» EXERCISE DETAILS:
Write out exactly the lines of the entries below from the one holding "Paralel çete, Halk" to the one holding "Ο ωραιος βραχοκηπος, λαχανοκηπος", inclusive, and leave out all other lines.

» DATASET CONTENT:
######

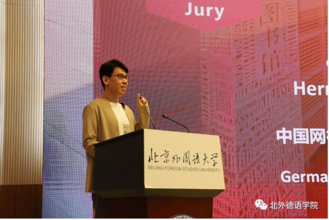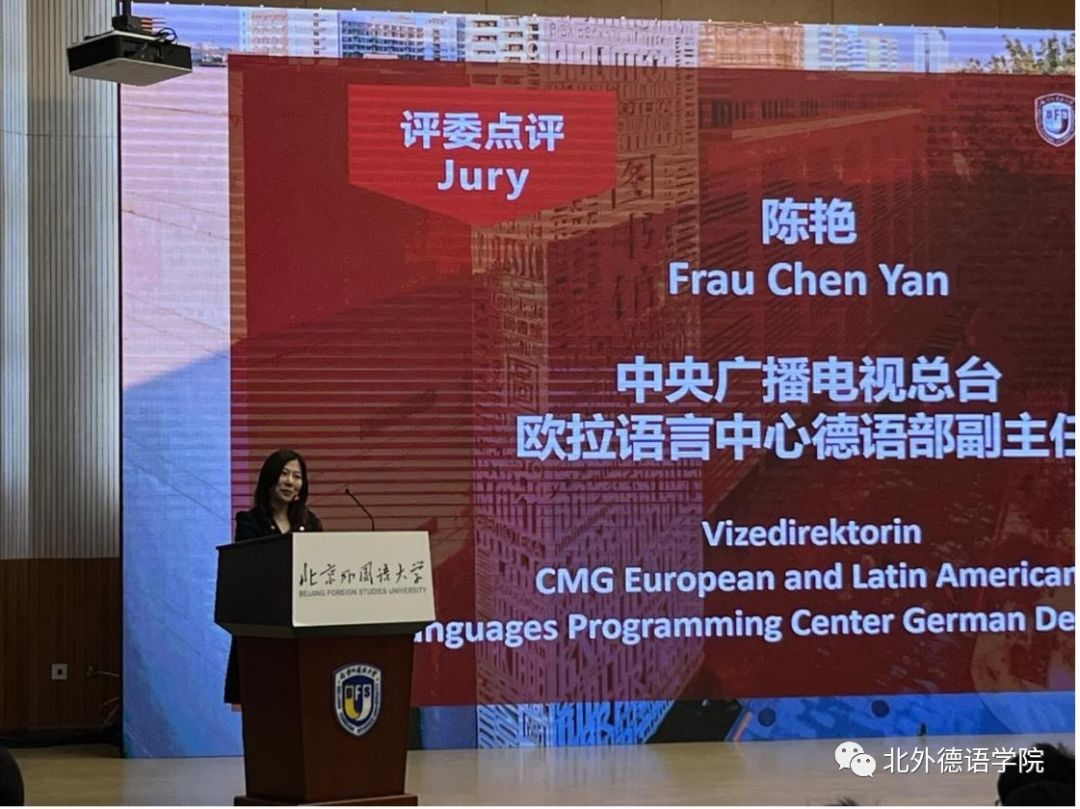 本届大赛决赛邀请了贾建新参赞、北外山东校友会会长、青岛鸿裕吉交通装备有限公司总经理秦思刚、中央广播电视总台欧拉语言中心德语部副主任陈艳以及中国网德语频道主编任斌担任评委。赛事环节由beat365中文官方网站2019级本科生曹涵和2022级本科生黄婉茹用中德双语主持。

######

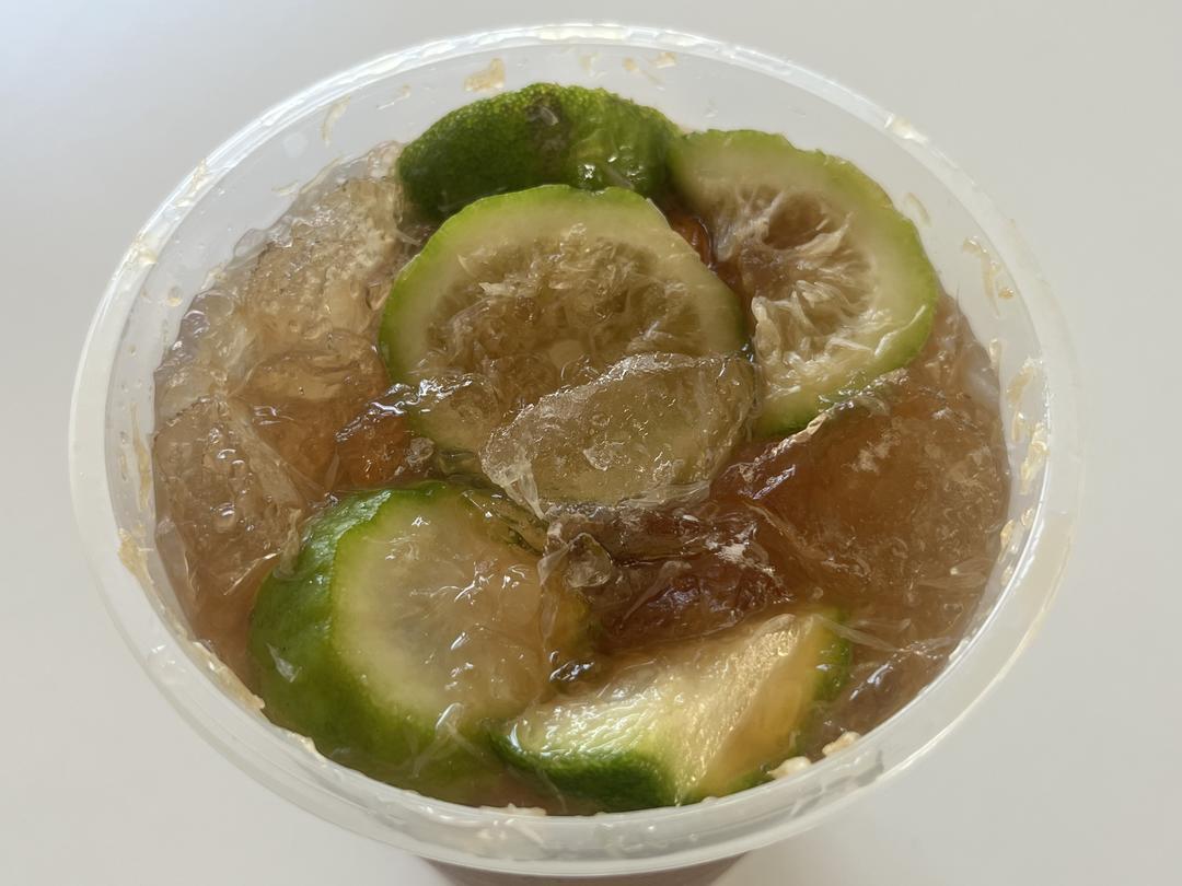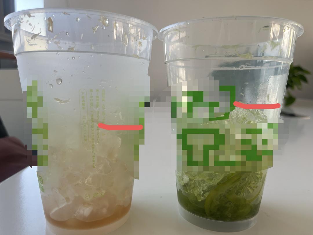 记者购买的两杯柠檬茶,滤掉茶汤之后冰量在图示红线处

######

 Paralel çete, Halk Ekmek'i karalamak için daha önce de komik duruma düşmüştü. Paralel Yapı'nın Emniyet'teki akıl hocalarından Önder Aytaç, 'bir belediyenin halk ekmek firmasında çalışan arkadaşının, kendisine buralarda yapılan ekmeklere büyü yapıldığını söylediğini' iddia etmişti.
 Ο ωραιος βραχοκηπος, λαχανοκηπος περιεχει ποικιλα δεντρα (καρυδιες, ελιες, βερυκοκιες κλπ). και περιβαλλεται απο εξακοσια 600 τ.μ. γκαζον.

######

» TASK SOLUTION:
 Paralel çete, Halk Ekmek'i karalamak için daha önce de komik duruma düşmüştü. Paralel Yapı'nın Emniyet'teki akıl hocalarından Önder Aytaç, 'bir belediyenin halk ekmek firmasında çalışan arkadaşının, kendisine buralarda yapılan ekmeklere büyü yapıldığını söylediğini' iddia etmişti.
 Ο ωραιος βραχοκηπος, λαχανοκηπος περιεχει ποικιλα δεντρα (καρυδιες, ελιες, βερυκοκιες κλπ). και περιβαλλεται απο εξακοσια 600 τ.μ. γκαζον.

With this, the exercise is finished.